Фиске медленно втянул в себя воздух.
— Доктора не будет.
— Что они имеют в виду?! — И тут Алистера озарило. — Ну уж нет! Если у них такие извращенные представления о потехе, я в этом не участвую!
Фиске сурово посмотрел на него. Чтобы спасти Нелли, придется извлекать пулю самим.
В самом центре Рима расположен Колизей — стадион на пятьдесят тысяч мест. Ему две тысячи лет, и он до сих пор стоит, почти не развалившись: самое внушительное здание во всей Римской империи, один из знаменитейших памятников мировой архитектуры. Вот и сейчас от входа до самой Арки Константина змеилась длиннющая очередь, огражденная бархатными шнурами оцепления.
В середине очереди стоял Аттикус Розенблюм с восемнадцатилетним сводным братом Джейком.
Джейк пребывал в хмуром расположении духа.
— Аттикус, я знаю, тебе не Колизей посмотреть захотелось. Ты просто выискиваешь предлог еще раз позвонить Дэну Кэхиллу и сказать, где ты сейчас находишься.
Аттикус ощетинился.
— Ты что, воротишь нос от одного из чудес света?
— Нет, — возразил Джейк. — Я ворочу нос от перспективы простоять час в очереди, чтобы посмотреть то, что уже и так сто раз видел. Ну правда, Атт, какое нам дело до этого Кэхилла? Что у тебя с ним общего? В интеллектуальном плане он просто пигмей.
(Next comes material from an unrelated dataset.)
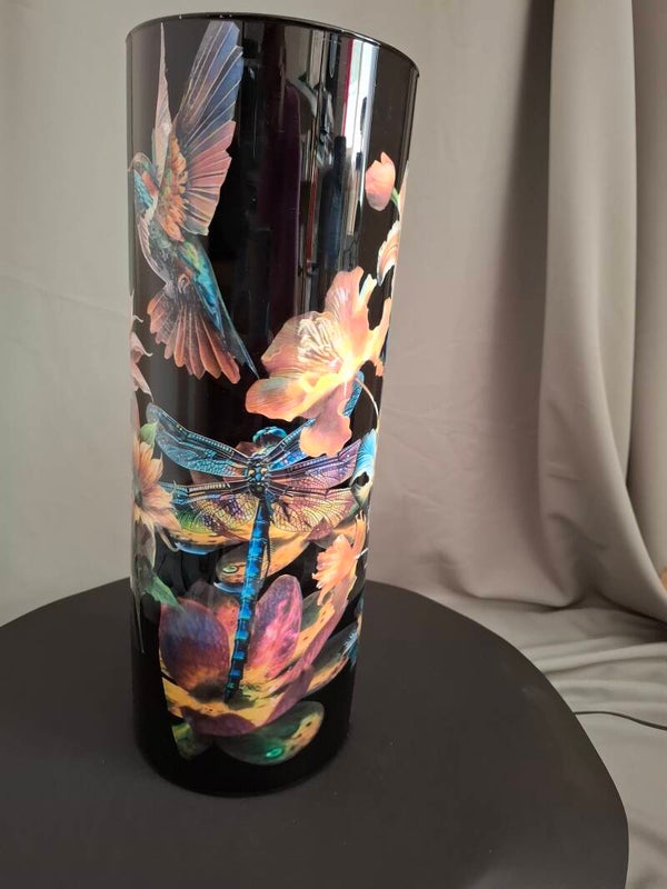 Te gave vaas met een lama, libelle en kolibrie met reverse decoupage

— На самом-то деле Дэн очень даже умный.
— Как его коллекция фотографий чужих задниц? — саркастически спросил Джейк. — Надеюсь, свою ты ему не послал?
Аттикус заулыбался.
— Ум тоже разный бывает. Чтобы быть смешным, тоже нужны мозги. Впрочем, тебе-то откуда знать. Дэн мой друг. Он клевый.
— В твоем возрасте каждый, кто старше, кажется очень клевым.
Аттикус выразительно покосился на брата.
— И вовсе не каждый.
Джейк фыркнул.
— Ты на нем зациклился.
Аттикус не спорил. Он и в самом деле зациклился на Дэне — хотя старший брат и не подозревал, почему. Настоящая причина никоим образом не имела отношения к Дэновой забавности. Дело касалось смерти Астрид Розенблюм — матери Аттикуса.
Мальчик навсегда запомнил последнее слово, которое она прошептала на смертном одре: «Кэхилл». Она хотела добавить что-то еще, но до того ослабела, что вместе с этими двумя слогами испустила и дух.
Нет, это не совпадение, не может быть совпадением. Дэн был ей чем-то важен.
Именно мама направила Аттикуса в чат для любителей игр, где он впервые познакомился с Дэном. Мальчики быстро подружились — и неважно, что Аттикус играл в шахматы, а Дэн, фанат стрелялок и бродилок, не мог отличить коня от ферзя. Да, семена их дружбы заронила мама. Но зачем? Теперь уже не узнаешь. Вскоре после этого она заболела какой-то неведомой болезнью и потеряла рассудок.